This is only a simulation of my new hat.
Ah, I see you’re admiring my new hat. Yes, it’s quite a fine hat. Where did I get it, you ask?
It was naught but a week ago. Scotland Yard had just dredged another body up from the bog; fifth one this month. A brash young detective (who’d witnessed me solving a string of murders in Zaragoza the year prior) recommended I be brought in.
So they flew me out, first class. Of course, I sneaked into coach, and insisted on providing my own transportation to the station — fresh surroundings keep the reflexes sharp.
By the time I arrived, it was nearly nightfall. A typical winter night: starless and frigid, stray cats chased each other into alleys in search of refuge.

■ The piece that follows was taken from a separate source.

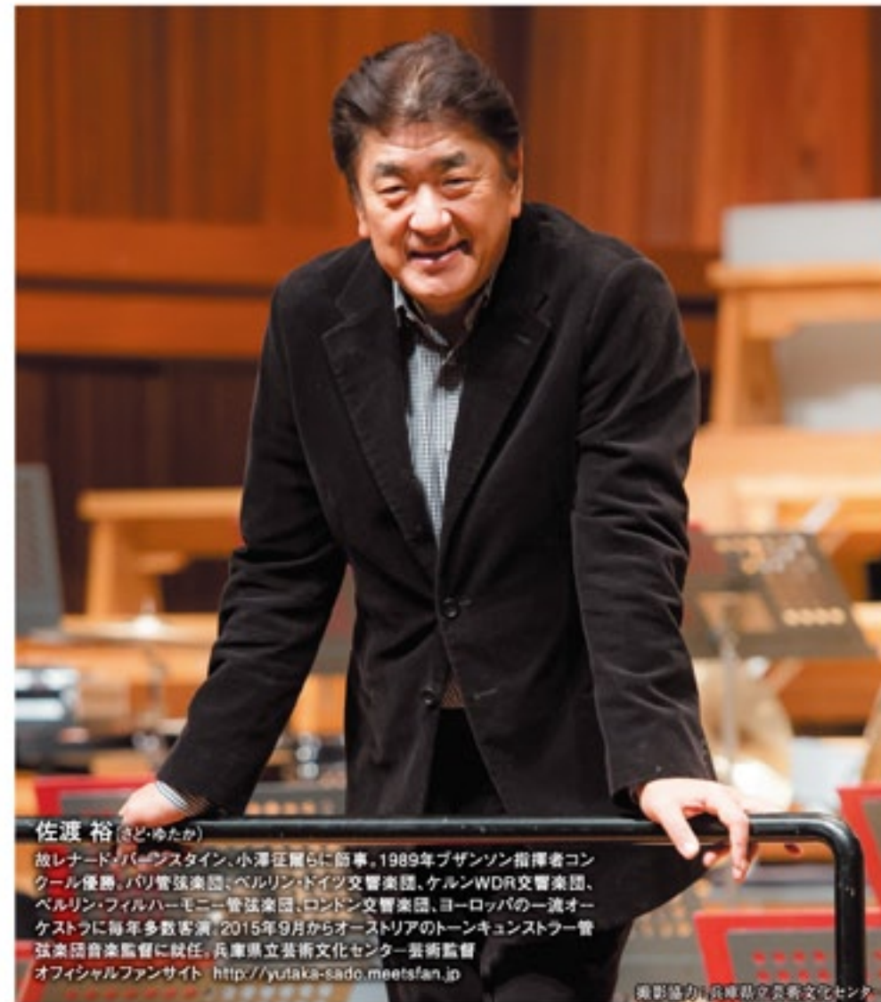
佐渡 裕 (さど ゆたか) 故レナード・バウスタイン、小澤征爾らに師事。1989年プザンソン指揮者コンクール優勝。パリ管弦楽団、ベルリン・ドイツ交響楽団、ケルンWDR交響楽団、ベルリン・フィルハーモニー管弦楽団、ロンドン交響楽団、ヨーロッパの一流オーケストラに毎年多数客演。2015年9月からオーストリアのトーンキユンストラ-管弦楽団音楽監督に就任。兵庫県立芸術文化センター芸術監督 オフィシャルファンサイト http://yutaka-sado.meetsfan.jp 撮影協力：兵庫県立芸術文化センター

で、若い頃から憧れていたオーケストラの指揮台に立ちたいというのがありますから。ただ、「1万人の第九」を17年やってきたこと、兵庫県立芸術文化センターの芸術監督を10年やってきたこと、その中で培ってきたものはトーンキユンストラ-に生かされると思うんです。よね。だからやっていくことはあ

After the formal introductions, I asked to see whatever effects the newest body may have had. Only the stomach contents were available, as all forms of identification — save the teeth — were gone.
Pretty disgusting stuff… but what was this? There was a piece of familiar-looking fabric in one of the Petri dishes. The minute I saw it I instantly remembered a similar pattern on a shirt left in the back seat of the cab I rode there in — a shirt which, if memory serves, was missing a sleeve.
It took less than 20 minutes to track the cab down, and the owner let us conduct a thorough search without complaint. We found the shirt.
Paydirt.
Not only was it the same pattern and material, there was dried blood on it! We ran the DNA against all the criminals in the UK — and found a match. Toby “Legs” Blatherman, a gargantuan deviant with a violent past.
I surmised his shirt had ripped and gotten caught on the victim during the act. He’d then discarded the shirt shortly after discarding the body. So casual. So heartless.
When we raided his home I almost threw up; he was there, pantless, building a toy-sized log cabin out of human fingers. He may have been semi-famous due to his Redwood-like legs, but not even the tallest stilts could save him from the gallows.
It was a red letter day at headquarters, and I received yet another commendation from the Queen. They offered me a permanent posting, a hefty salary and even a lordship.
But I turned it all down. My only prize, I told them, would be an authentic British flat cap. Unfortunately, the national flat cap supply was completely depleted in preparation for St. Patrick’s Day.
The head lieutenant felt rather guilty about the whole affair, so he quietly bribed the undertaker. They walked me down to the labyrinthine catacombs beneath Scotland Yard, to the stone-cold body of Toby “Legs” Blatherman.
I claimed his spiffy flat cap as my own, and a priest blessed it to expunge any residual evil.
With a tearful farewell, I thanked my new friends for the adventure and they in turn thanked me. I returned stateside, proud of myself and at peace with the world.
But if anyone asks you, I bought this hat at Walmart. Can’t be signing autographs all the time.